Little Boy does not have a job. He was a janitor once, and a tribal policeman for a while when his uncle was police commissioner. But jobs on the Sioux's Pine Ridge reservation are so scarce that only 1 out of every 3 adults has one. In fact, as in hundreds of other reservations where Third World conditions prevail, there is only one real source of income, only one source of medical services and of food. There is only one real source of hope that someday Little Boy's family will be able to move out of squalor: the Federal Government. But the Federal Government is about to pull the plug.

"This amounts to cultural and economic genocide," says Ada Deer, Assistant Secretary of the Interior and head of the Bureau of Indian Affairs. A ferocious appropriations bill passed last month by the Senate, outdoing an only slightly less severe offering by the House, slashes the bureau's $1.7 billion budget a third. Deer has announced that the BIA may lay off up to 4,000 of its 12,000 employees by month's end, the most drastic personnel cut currently being contemplated by any federal agency.
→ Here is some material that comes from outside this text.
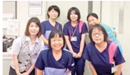
（撮影時のみマスクを外しています）

相談員5名が患者さんやご家族、地域住民の皆さんからの相談を受け支援を行っています。相談員は全員、国家資格を持つソーシャルワーカー（社会福祉士、精神保健福祉士）や看護師です。困りごとがありましたら、お気軽にご相談ください。また、地域包括ケアシステムの中核機関として専門職や地域住民を対象とした各種研修会や交流会を企画しています。（新型コロナウイルス感染拡大防止のため最近ではZoomを活用）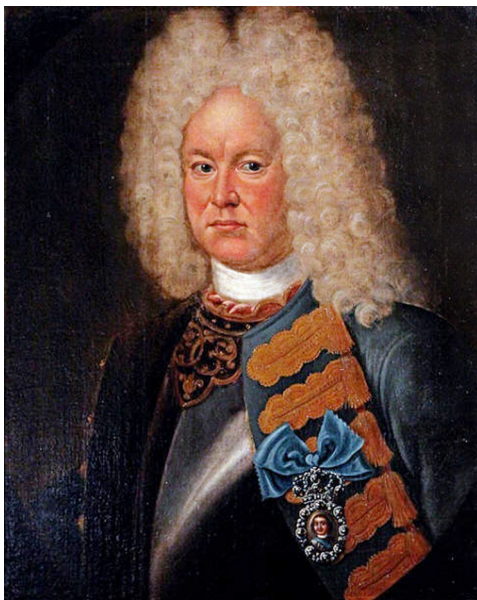
Генерал-поручик Р.Х. Боур

Параллельно с этими событиями велись переговоры о брачном союзе между новым мекленбургским герцогом Карлом Леопольдом и одной из племянниц царя. В 1714 г. к Петру I в Ревель прибыл герцогский посланник барон Г.Б. Габихтсталь с предложением заключить брачный договор между Карлом Леопольдом и вдовствующей курляндской герцогиней Анной Иоанновной (дочерью покойного брата и соправителя русского государя Иоанна V Алексеевича).

Just as important, the Senate bill targets moneys that bulwark greater tribal autonomy. Says Kurt Russo, coordinator of the Treaty Task Force of Washington State's Lummi Nation: "What you're seeing is a smart bomb going straight to the heart of the function of tribal governments."

Language of genocide is overused in American ethnic politics, but in this case, the rhetoric of Deer and Russo was echoed by that of Senator John McCain. The Senator is a longtime supporter of Native Americans but also a card-carrying conservative Republican. Says he: "The Indians are taking it in the neck." This week representatives of more than 200 tribes will flood the nation's capital in a last-ditch attempt to influence the conference that will reconcile the House and Senate versions of the cuts. But unless they provoke a huge public outcry, most of the cuts will probably stand, and the fortunes of an already unfortunate people may take another drastic downturn.
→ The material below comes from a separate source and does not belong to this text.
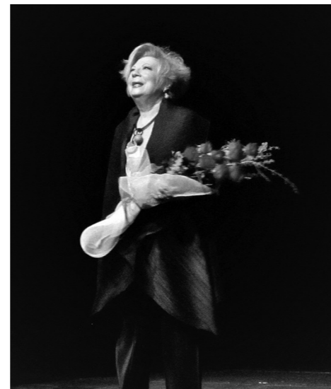
Núria Feliu a l'homenatge que li van retre a l'any 2011, just abans de la seva retirada dels escenaris.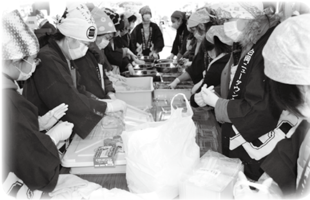
あんこやきな粉をまぶしているところです。

For most of the decade, legislators have maintained the budget affecting America's 555 recognized Indian tribes at a constant level. Deploring the inefficiency of the BIA, through which most Indian-earmarked money flows, Congress has attempted to funnel more money directly through it to the tribes. This year, however, fueled partly by Republican budget-cutting fervor and partly by what some call a longstanding antipathy toward tribal rights on the part of a powerful Senator, Washington's Slade Gorton, it ripped up the playbook. "We've never seen cuts like these," says Christopher Stearns, Democratic counsel to the House Subcommittee on Native American Affairs, which allocates money to tribes.